Roughly 70,300 loans had been in repayment long enough to possibly qualify for forgiveness as of September 1, 2020. Of these loans, 62,600 did not qualify for forgiveness, including 2,700 that were in default.
Another 7,700 loans that were in repayment — around 11% of the loans analyzed — could be "potentially eligible" for IDR forgiveness, but the government's repayment data did not provide enough information on why these loans had not been forgiven back in September 2020. ED approved cancellation for 157 loans under IDR as of June 1, 2021.
"Education officials said data limitations make it difficult to track some qualifying payments and older loans are at higher risk for payment tracking errors," the GAO report stated.
A recent NPR investigation detailed systematic mismanagement of the payment count, including how paperwork often went missing when loans transferred from one servicer to another over the years.
The GAO stressed that the problem needed an urgent fix.
"Until Education takes steps to address such errors, some borrowers may not receive the IDR forgiveness they are entitled," the report stated, adding: "This risk will increase as Education data show loans potentially eligible for IDR forgiveness will climb to about 1.5 million loans by 2030."
Biden's latest effort to cancel debt
The Biden administration has recently taken steps to address the massive IDR debacle, bringing borrowers on 10- and 20-year forgiveness plans closer to the end goal in two ways.
ED continued its student loan cancellation effort by giving borrowers retroactive credit for "forbearance steering," a practice involving student loan servicers pushing borrowers into unnecessary interest-accruing forbearance.
ED also said it will also take greater care to accurately track monthly payments for borrowers on IDR.
Together, the news is expected to cancel the student debt of 40,000 borrowers who are under the Public Service Loan Forgiveness (PSLF) program while 3.6 million more will move closer towards forgiveness.
Lawmakers lauded ED's recent moves to address the broken IDR system, noting that they will likely help many who may be struggling with their student debt.
Rep.
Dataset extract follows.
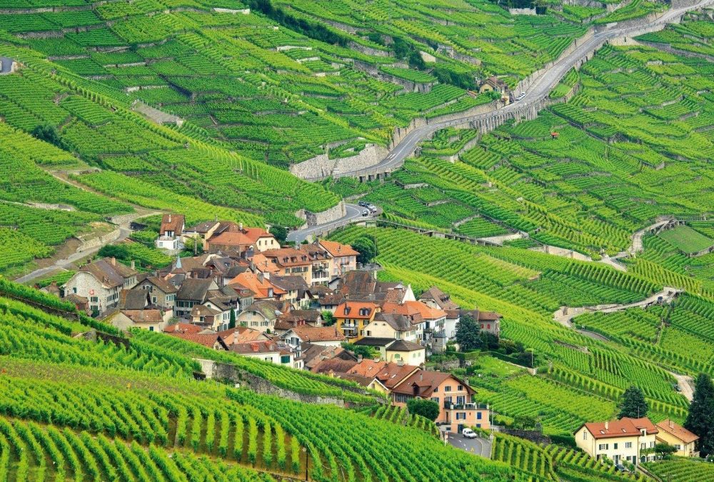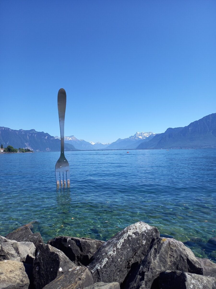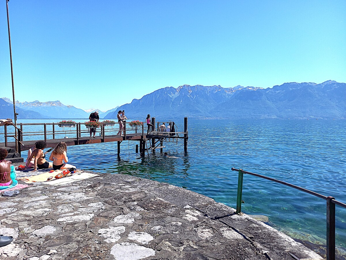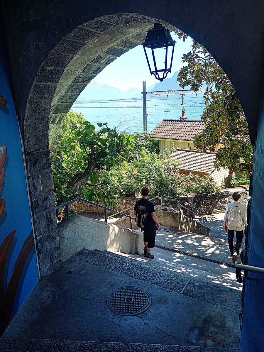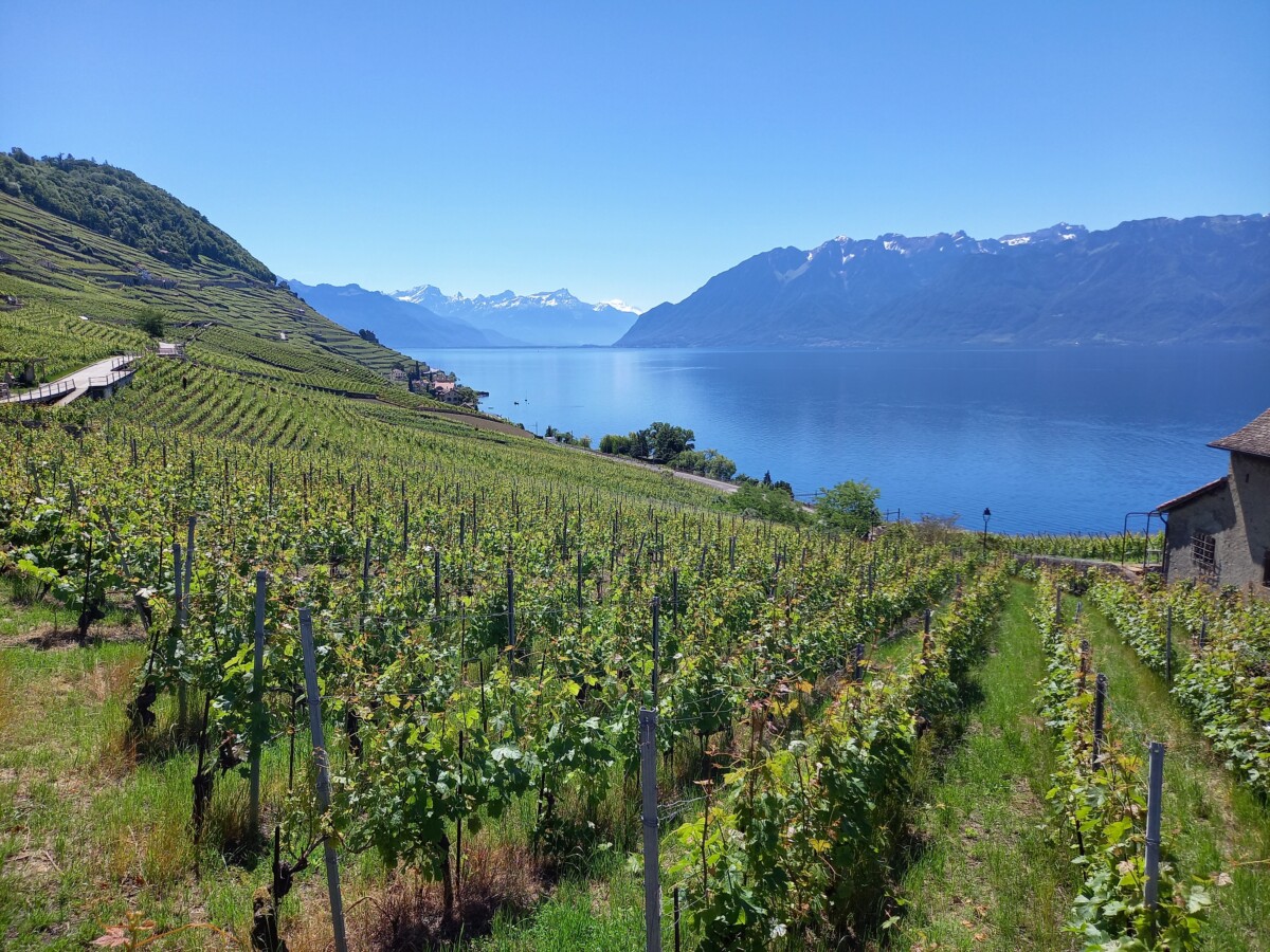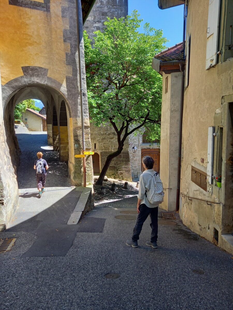 In Epesses keken we eerst een beetje rond voor we naar het buurdorp Rivaz wandelden. Soms zochten we even de schaduw van schaarse bomen op gezien de stekende zon rondom. We stelden vast, dat we lang niet meer zo’n felle zon gevoeld hadden. Toch besloten we – het was gewoon te mooi overal – nog een dorp verder te wandelen: Saint Saphorin. Kirsten kende het mooiste van de mooie dorpjes ook nog niet en dan bleek er ook nog een restaurantje met dakterras en zeezicht open! Wat gegeten en gedronken met heerlijk uitzicht op besneeuwde Alpentoppen, een prachtig glinsterend meer en nabije wijnbergen (UNESCO-werelderfgoed).

Scott stated that he was "pleased that the Biden-Harris Administration announced steps to fix the problem and help students receive the loan forgiveness to which they are entitled."
Advocates, meanwhile, slammed ED for not doing more.
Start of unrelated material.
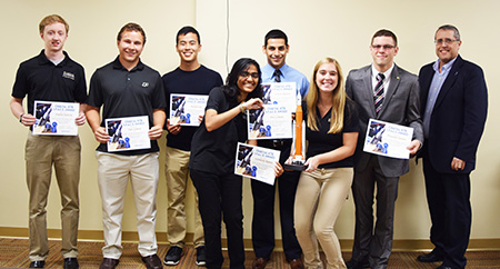 Orbital ATK chose a winning team for each project. Certificates were presented to the students during the Fall 2016 meeting of AAE’s Industrial Advisory Council by Dave McGrath, Orbital ATK’s Director of Systems Engineering and IAC member.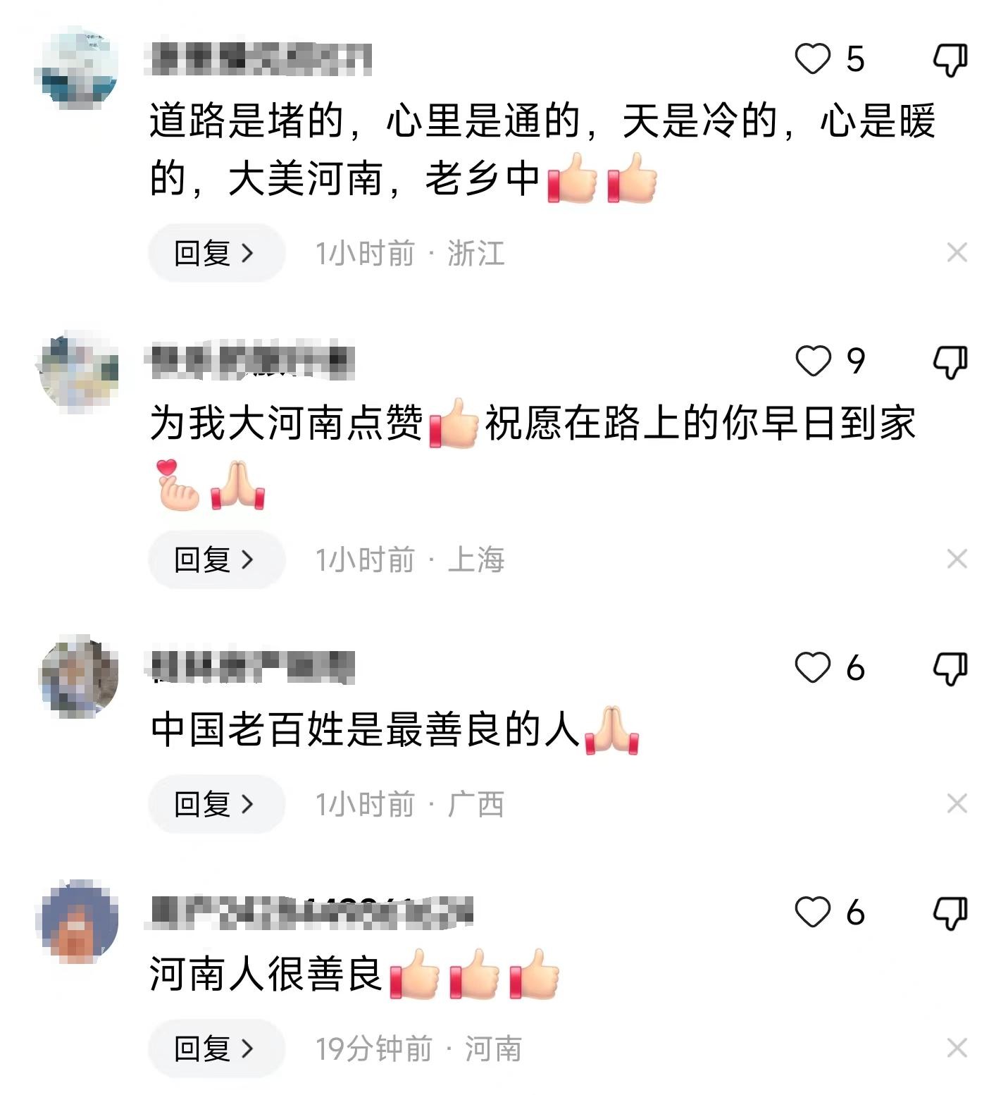 更有浙江的网友表示:道路是堵的,心里是通的,天是冷的,心是暖的,大美河南,老乡中!

“The failure of the ED to take responsibility for it and its servicers failures is inexcusable," Persis Yu of the Student Borrower Protection Center said in a statement. "For eight years, borrowers have been robbed of time that should count towards debt cancellation and ED did nothing to help them."
Yu said that ED's move to reform IDR "is a good first step to remedy some of the problems identified in the GAO report, but it does not go far enough." She called for ED to also count time spent in default as on-time monthly payments made towards the 20- or 25-year forgiveness plan.
“The problems identified suggest a much deeper systemic problem within the student loan system," Yu added. "We cannot rely on individual programmatic fixes to fix systemic problems. Widespread debt cancellation is needed immediately."